__The problem__. Repeat the records below word for word and omit each image.

[[ Dataset extract, beginning ]]

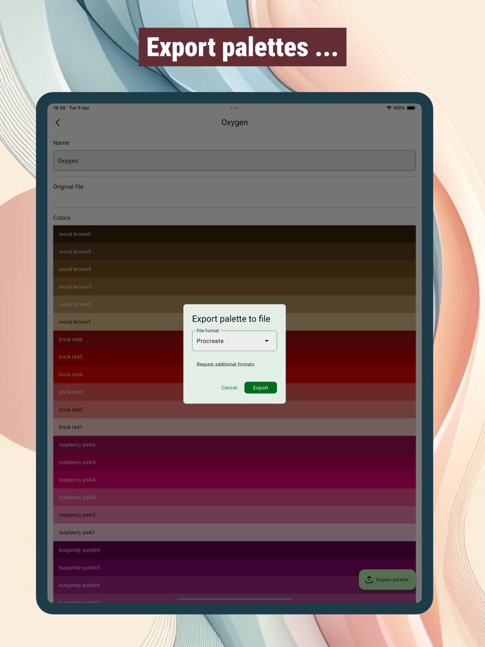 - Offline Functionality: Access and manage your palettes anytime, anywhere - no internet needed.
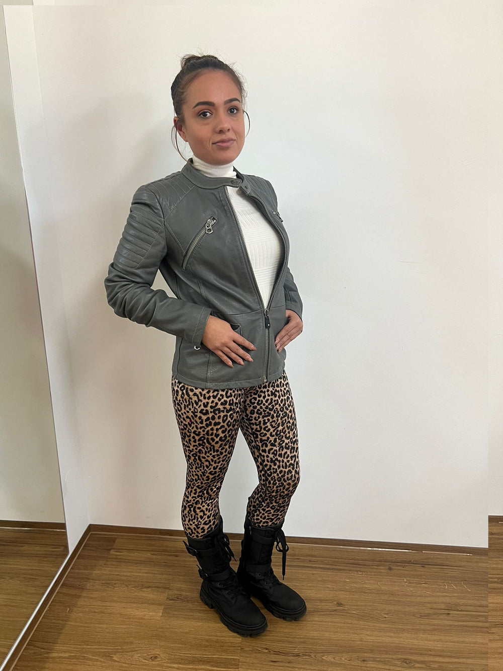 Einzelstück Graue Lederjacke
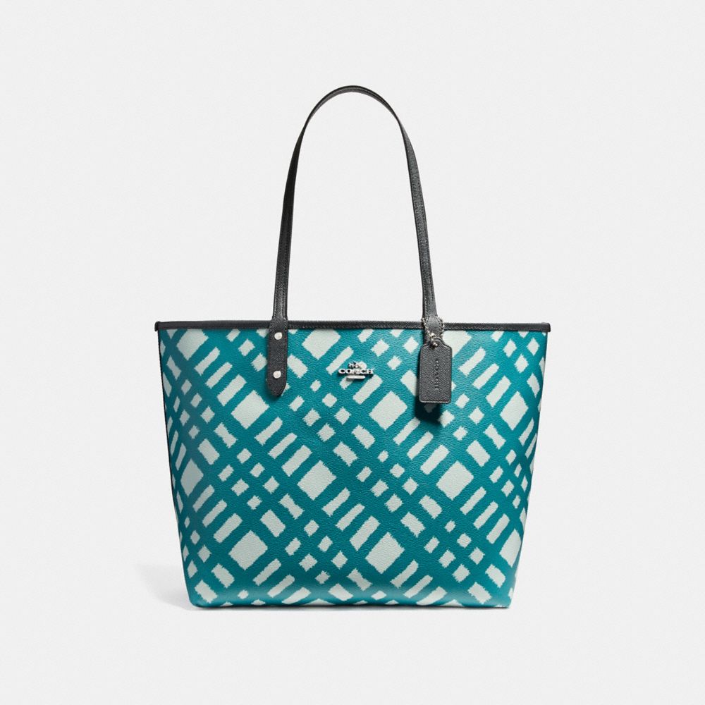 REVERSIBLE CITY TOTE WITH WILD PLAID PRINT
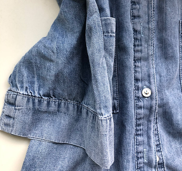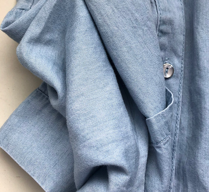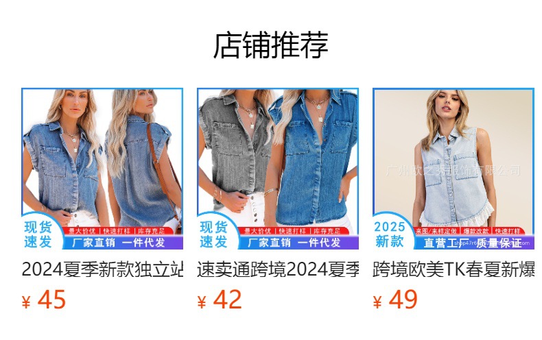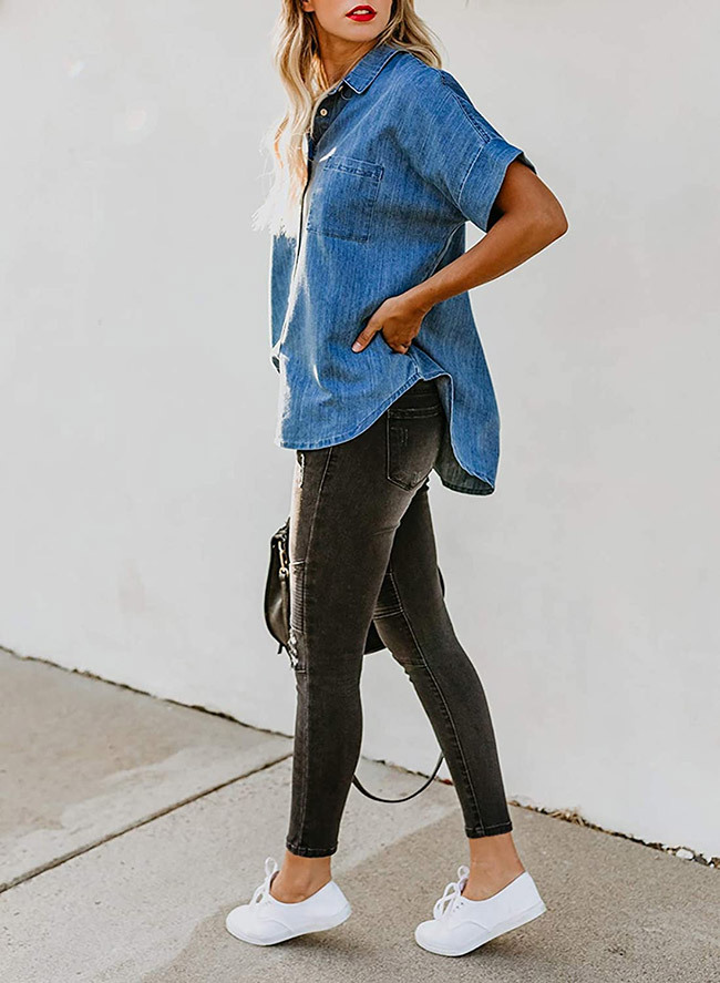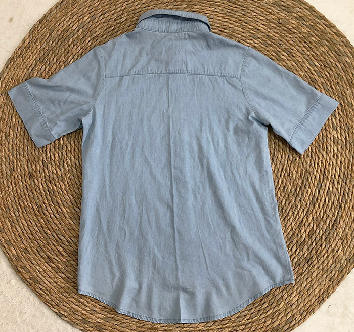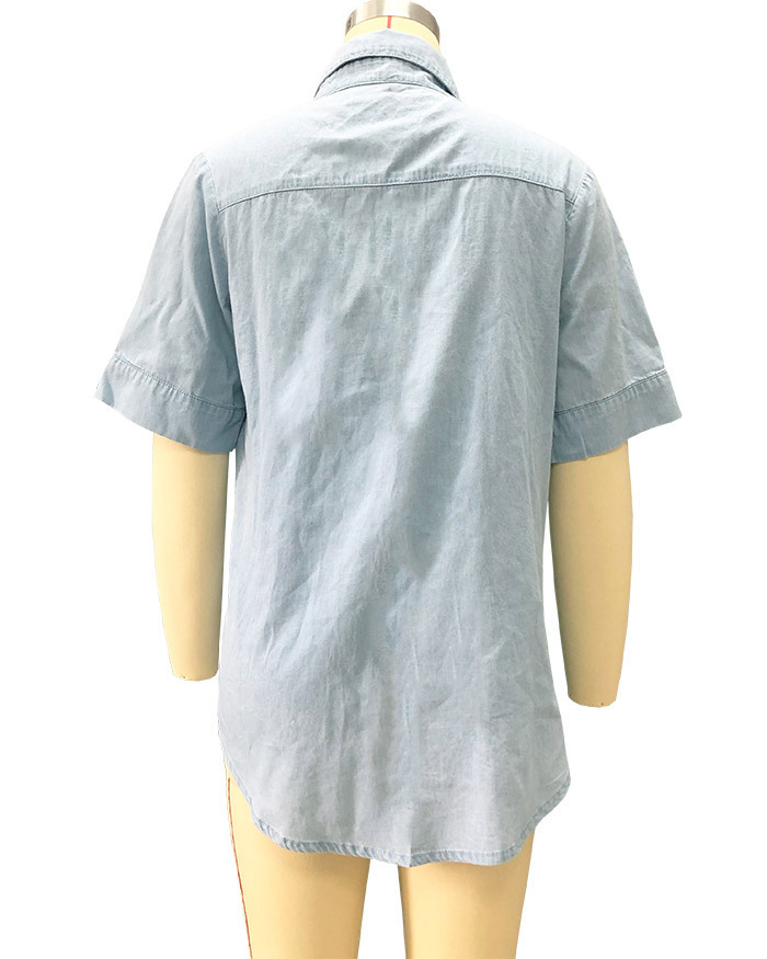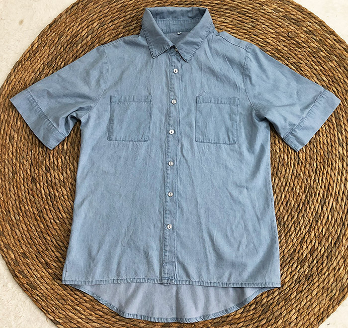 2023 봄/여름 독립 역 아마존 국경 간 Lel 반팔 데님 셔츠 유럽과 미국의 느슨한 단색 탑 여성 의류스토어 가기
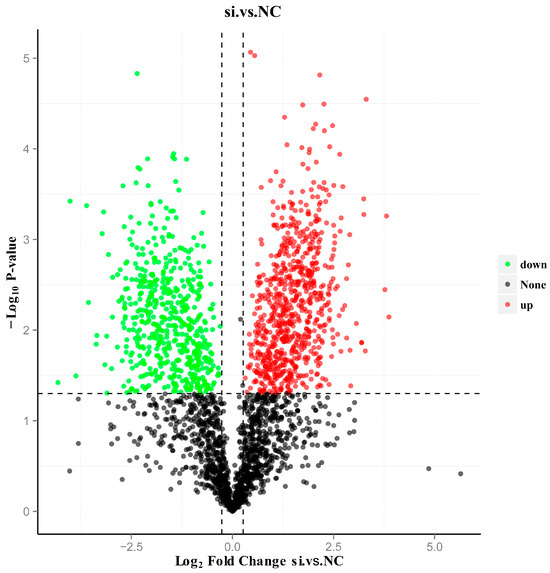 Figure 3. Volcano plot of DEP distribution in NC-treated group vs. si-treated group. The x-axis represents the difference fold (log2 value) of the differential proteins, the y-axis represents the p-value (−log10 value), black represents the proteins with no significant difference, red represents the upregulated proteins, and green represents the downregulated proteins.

[[ Dataset extract, end ]]

__Solution__.
 - Offline Functionality: Access and manage your palettes anytime, anywhere - no internet needed.
 Einzelstück Graue Lederjacke
 REVERSIBLE CITY TOTE WITH WILD PLAID PRINT
 2023 봄/여름 독립 역 아마존 국경 간 Lel 반팔 데님 셔츠 유럽과 미국의 느슨한 단색 탑 여성 의류스토어 가기
 Figure 3. Volcano plot of DEP distribution in NC-treated group vs. si-treated group. The x-axis represents the difference fold (log2 value) of the differential proteins, the y-axis represents the p-value (−log10 value), black represents the proteins with no significant difference, red represents the upregulated proteins, and green represents the downregulated proteins.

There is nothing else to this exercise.